A little later, you might end up with ripples. Even though ripples are mesmerizing on water, you should avoid at all costs having them when cutting soap. They also might occur when the knife with which you cut your soap is not cleaned properly, even though you’ve waited long enough.

Is There A Way To Cure Faster Your Soap?

Being a soap maker, you skipped it right to the bottom to learn how to hasten the soap curing process. Well, I totally can understand why. 

There is a method that might help to get your cold process soap hard a bit faster, but this method does not help with shorter curing times. 

This method is called the “cold oven process soap method”. This means that you basically put your cold process soap in the oven at around 155 to 165 degrees and wait for it to gel entirely. 

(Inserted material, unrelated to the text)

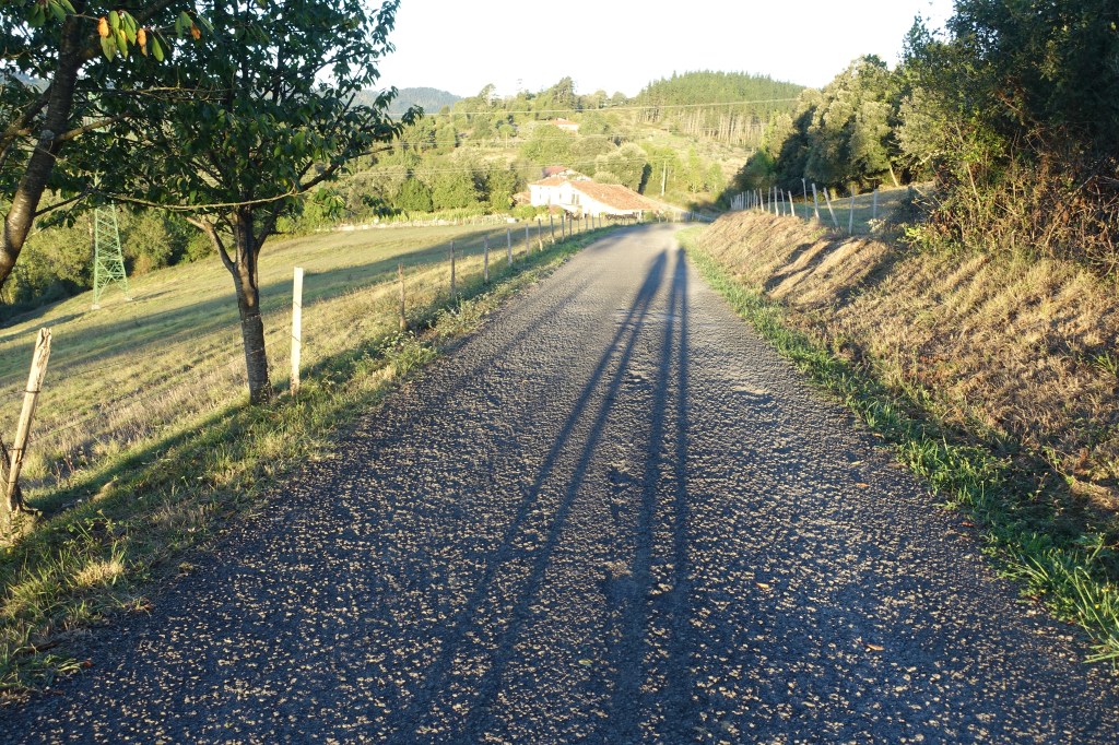 Today we left the Cantabrian Sea behind to enter the Basque mountains and their hamlets. Luckily we started out very early! The beginning of our walk was beautiful, and we were feeling pretty good about our progress. It is one of the hardest stages since the continuous ups and downs were tough on our legs (knees especially). We quickly switched from the asphalt to dirt roads, surrounded by trees and among several hamlets so typical of this area.

This way, the gelling process goes faster, and thus your soap becomes faster hard. However, I think it’s crucial also to mention that it does not really mean that your soap is ready to be used. 

Endnotes

Curing your soap and cutting your soap are two separate processes. 

You should not cure before cutting, but cut before curing.

If you don’t know when to cut, you can still do some tests, and this way, avoid wasting your batch of soap. 

In case you cut too soon, you’ll most likely need to throw away your soap. If you cut too late, you will most likely will not be able to sell that same batch. 

I recommend using a recipe that has been tested and, therefore, also has the cutting time set. This way, you’ll learn from the recipe and do the same with your own.